To answer this question, motivation paradigms provide a valuable complement to preference studies8,9. Operant responses, or the amount of work an animal is willing to do in order to obtain or avoid a resource has been implemented in many contexts. For example, previous research has studied the number of button presses or levers lifts produced by pigs to measure their motivation for food1012, environmental enrichment13, nest-building materials14 or exercise opportunity15,16. In other species, push-gates (or doors) have been applied to measure the work-rate or maximum price paid for resources such as food17,18, a nest-box19, a social partner20, a bedded area21 or pasture access22. To our knowledge, the measurement of force has seldom been used in the study of pig motivation.

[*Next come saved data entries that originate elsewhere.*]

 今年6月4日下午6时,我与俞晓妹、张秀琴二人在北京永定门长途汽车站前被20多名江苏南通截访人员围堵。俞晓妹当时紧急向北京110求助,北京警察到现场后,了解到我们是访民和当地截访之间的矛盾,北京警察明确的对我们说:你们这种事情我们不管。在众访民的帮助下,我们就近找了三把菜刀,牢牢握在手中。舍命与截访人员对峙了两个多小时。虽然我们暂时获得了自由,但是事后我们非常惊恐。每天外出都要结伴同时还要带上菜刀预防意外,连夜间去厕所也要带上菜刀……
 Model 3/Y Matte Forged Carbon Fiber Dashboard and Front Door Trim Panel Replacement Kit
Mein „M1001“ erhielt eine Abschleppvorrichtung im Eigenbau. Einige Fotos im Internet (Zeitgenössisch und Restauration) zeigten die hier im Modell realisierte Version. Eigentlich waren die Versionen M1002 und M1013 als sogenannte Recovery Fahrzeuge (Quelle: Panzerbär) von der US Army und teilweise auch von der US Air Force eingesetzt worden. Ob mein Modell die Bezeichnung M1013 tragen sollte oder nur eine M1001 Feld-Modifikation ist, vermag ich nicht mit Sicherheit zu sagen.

In addition to the growing interest in affective states, an emphasis on individual differences, personalities and coping styles has developed2325, shifting from a sole focus on population-based measures. Individual differences have been reported in gilts in their preference between short and long confinement26, and in their preference between crates and an open area7, but little is known about pig’s motivational differences.

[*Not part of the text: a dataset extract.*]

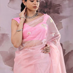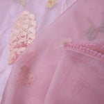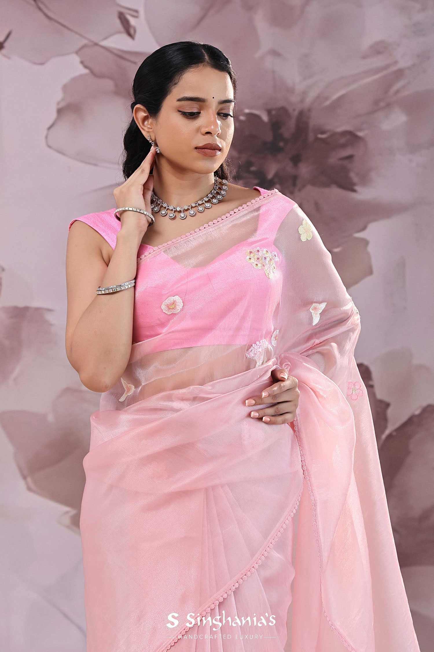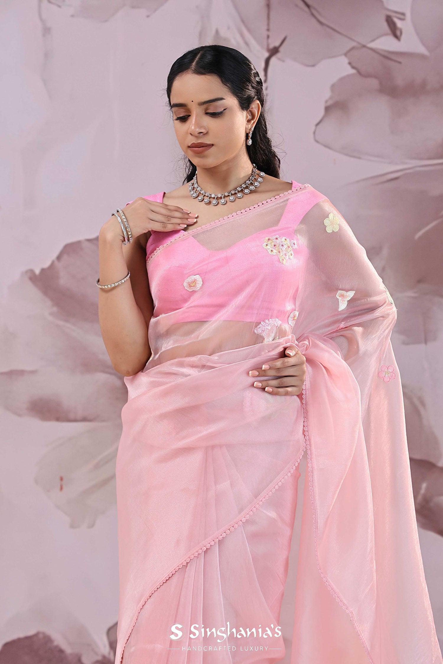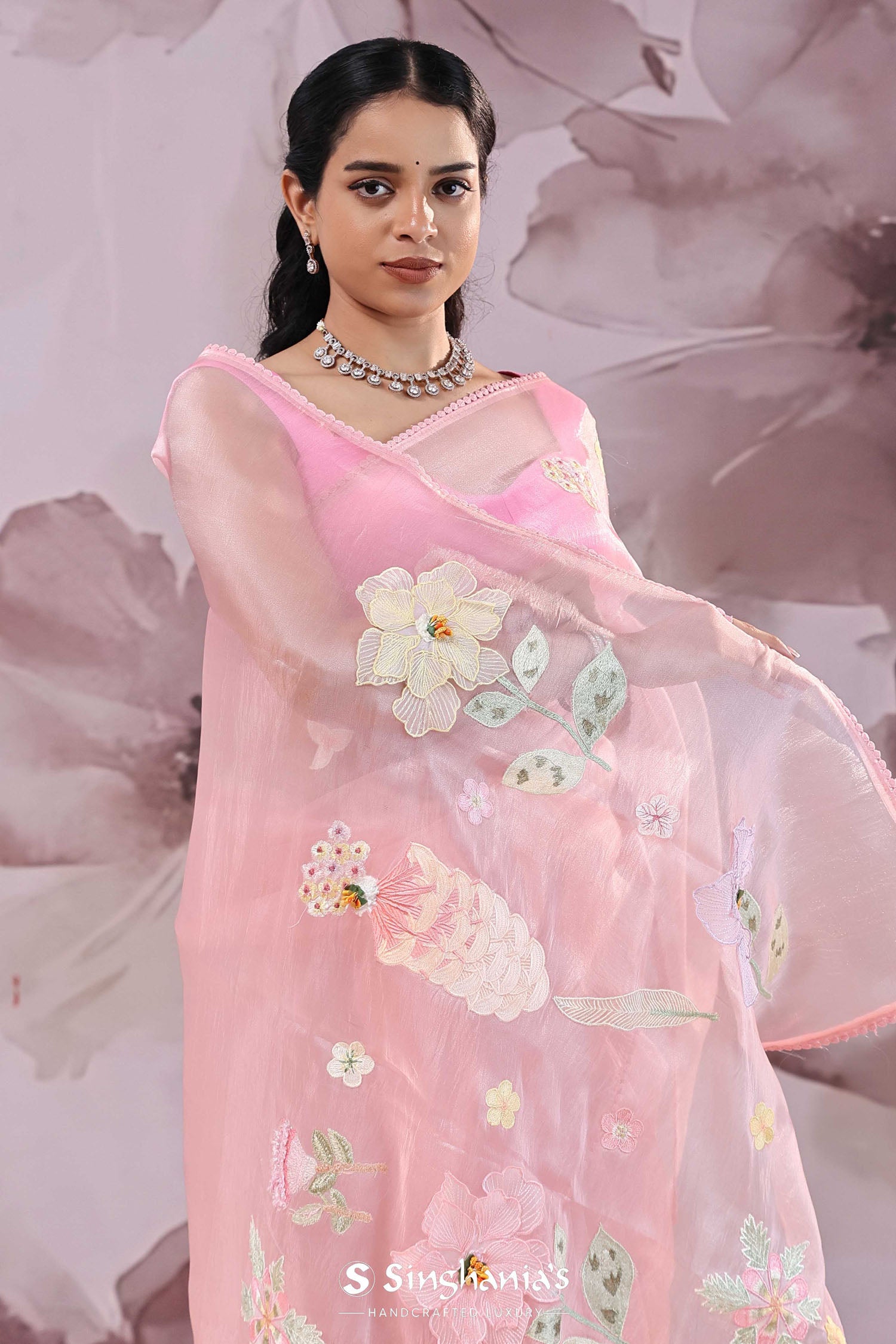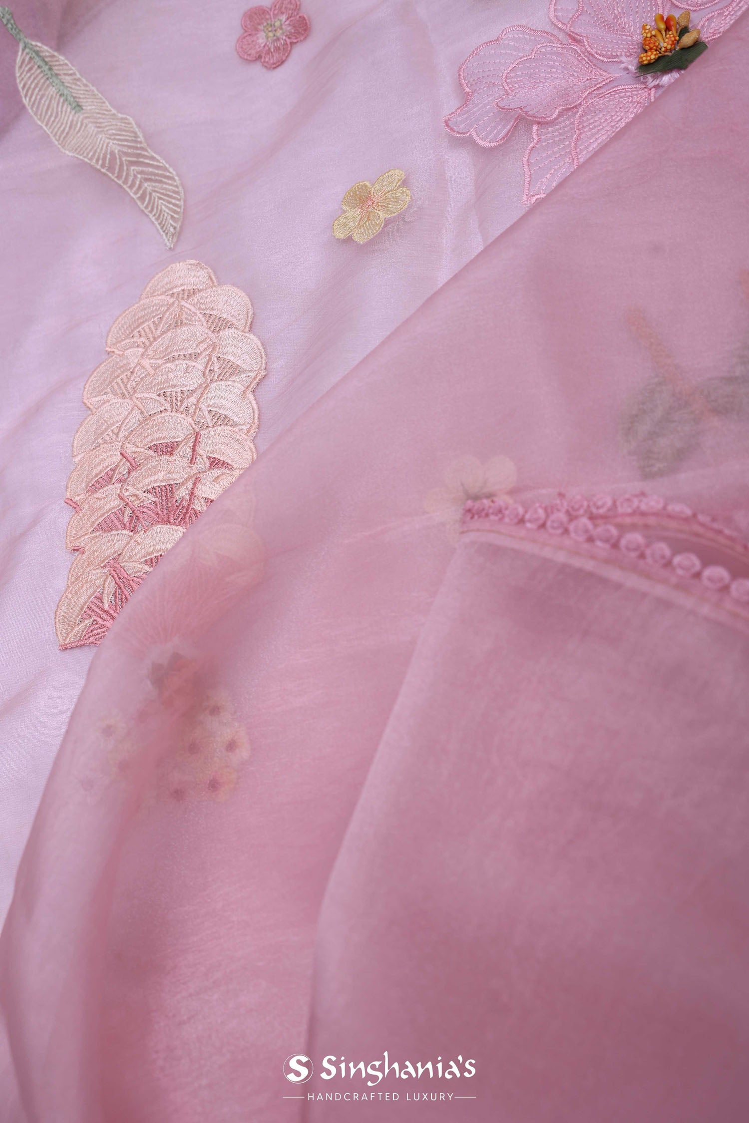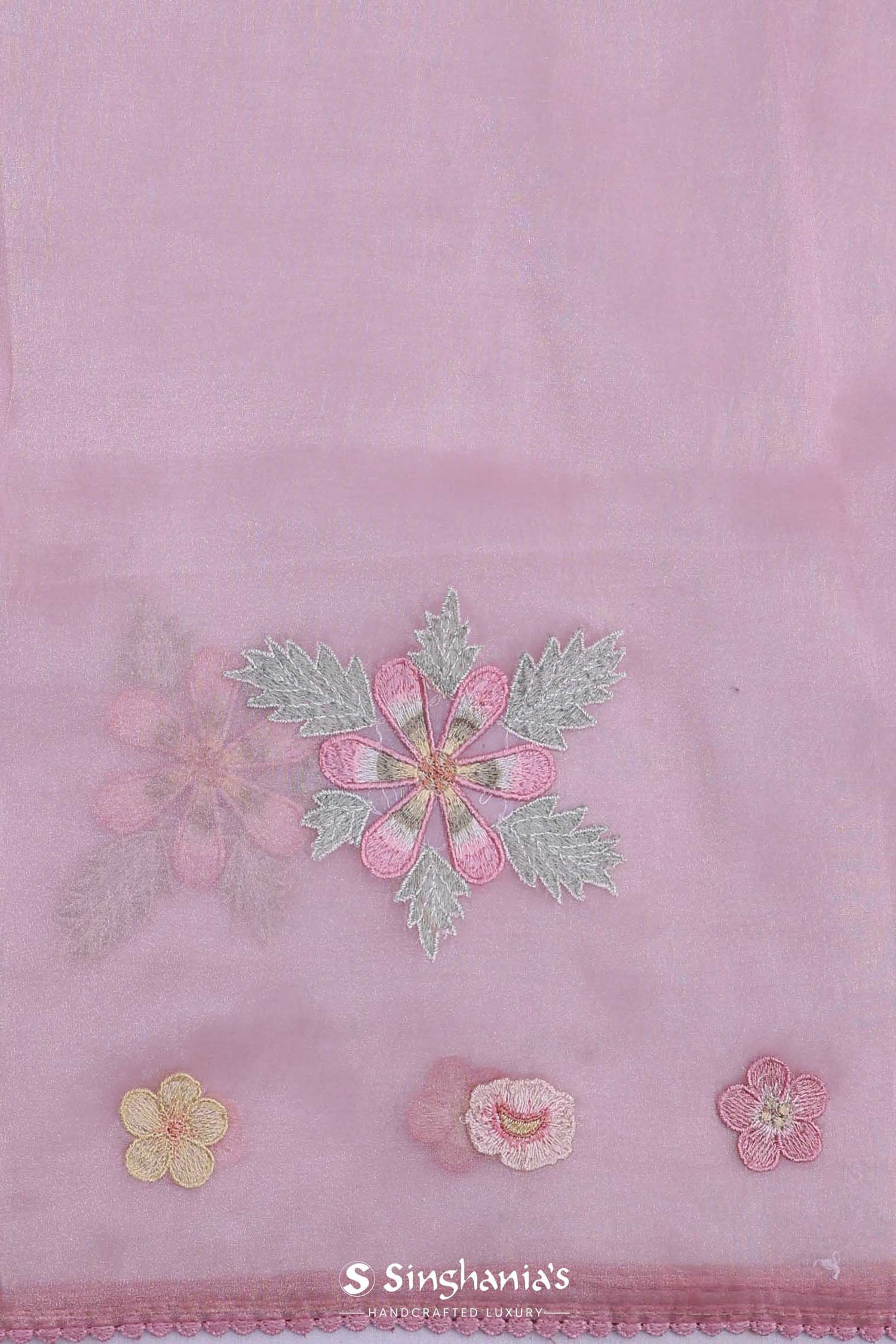 Pink lavender organza saree presents embroidered floral design along with floral embroidered border making it look elegant and classy for formal and informal event

The objectives of this study are two-fold. First, we aim to evaluate the motivation of naïve gilts to escape a stall during short-term confinement via a novel measuring apparatus allowing continuous monitoring of escape attempts. Our second objective is to assess inter-subjects variability in response to confinement and characterize—if applicable—the different motivation profiles.

Methods

Animals and apparatus

This study was conducted at the Penn Vet Swine and Research Center in Kennett Square, Pennsylvania, USA. Routine practice followed Global Animal Partnership’s Animal Welfare standards27. All experimental animal procedures were approved by the University of Pennsylvania’s Institutional Animal Care and Use Committee (Protocol #804656) and were performed in accordance with our IACUC guidelines and regulations. Reporting was done in accordance with ARRIVE guidelines.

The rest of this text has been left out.